The man let out a string of curses in an unrecognizable language before walking sternly to the two monkeys and quietly berating them. He then returned to his original position and held the hoops aloft. “Jump, monkeees, jump!” he shouted.
One of the monkeys wandered to a hula hoop and lazily climbed through, one leg after the other. The other stared at something on the ground; whatever it was, it didn’t survive much inspection before the animal had grabbed it with its thin fingers and popped it into its mouth. The boy on the side stage gave another splatty toot on his horn; the monkeys were ushered from the stage.
“This is depressing,” Septimus whispered into Curtis’s ear. Curtis could only nod.
“Did we get the wrong Esben?” he asked.
“Maybe Esben’s coming out later,” Prue whispered.
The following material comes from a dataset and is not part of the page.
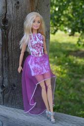 Keywords: barbie doll toy posing dress purple caucasian fashion glamour blonde female sexy portrait woman model trendy attractive

What followed was the most dismal display of a one-ring circus event that any of them had ever seen. The monkeys had been reluctant, but they had been more invested than the single wizened elephant, who lumbered onto the stage with all the enthusiasm of a kid going into the dentist’s. The lions were positively narcoleptic and the “dancing squirrels” so hyper that they immediately dashed from the tent flaps to the exit in a split second, presumably freeing themselves to return to their brethren on the outside. Their trainer, a fat man in a too-small suit, ran after them, smiling all the while to the audience—though not before Prue noted that his hands were, in fact, very real. The ringleader was becoming increasingly frustrated and thereby increasingly sober at every disaster; he stamped his feet angrily as each one came to pass until, conferring with an offstage handler (real hands, no hooks), he decided to move directly to the main event.
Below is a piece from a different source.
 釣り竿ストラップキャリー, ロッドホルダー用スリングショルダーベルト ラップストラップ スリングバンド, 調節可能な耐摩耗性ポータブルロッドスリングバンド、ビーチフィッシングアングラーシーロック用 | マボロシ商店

Walking to the center of the stage, he addressed the audience (now down to five; the two teenagers had run off in a fit of hysterical laughter after the disappearance of the squirrels) in an ostentatious voice: “Ladees. And zhe gentlesmen. I preesent you: Esben the Great.”
Curtis grabbed Prue’s hand in anticipation.
The red tent flaps were thrown open, and in sauntered a very large black bear. He walked on all fours, as bears do, but not without some difficulty. It wasn’t until he’d reached the center of the stage and stood, dramatically, to full height that Prue and Curtis saw why: In the place of his front paws were two golden hooks.
Curtis gasped; Prue let out a little cry. The man with the bag of peanuts turned around and shushed them.
“Esben weeel now show to yooo, his power of amazeeementt!” announced the ringleader as he rolled a ball toward the standing bear. Esben dutifully climbed onto the ball and proceeded to wheel around the stage, balanced precariously on his hind paws. The ringleader did little to direct this activity; Esben seemed to be fully in control of the performance himself. He leapt from the ball at the ringleader’s shout and the audience, Prue and Curtis and the two adults, applauded loudly. Prue was still in shock from this sudden reversal in her expectations. They’d been looking for a man; of course he was an animal. The moles were blind and, Prue reasoned, apparently unaware of the distinctions between different species of Overdwellers. They had clearly not seen the importance of parsing out what sort of Overdweller he was.
A few passing carnival attendees had heard the applause; several more people had filed into the tent to watch the display. The bear, with some help from the ringleader, had managed to balance a wide tin plate on his left hook. With his other prosthetic paw, he was spinning it as it teetered on the curve of the golden hook. The ringleader, with a flourish, presented Esben with a metal dowel, which he placed on top of the spinning plate; another plate was put on the dowel’s end and it, too, was set to spinning. The growing crowd hooted their approval.
“Pretty good,” noted Septimus quietly.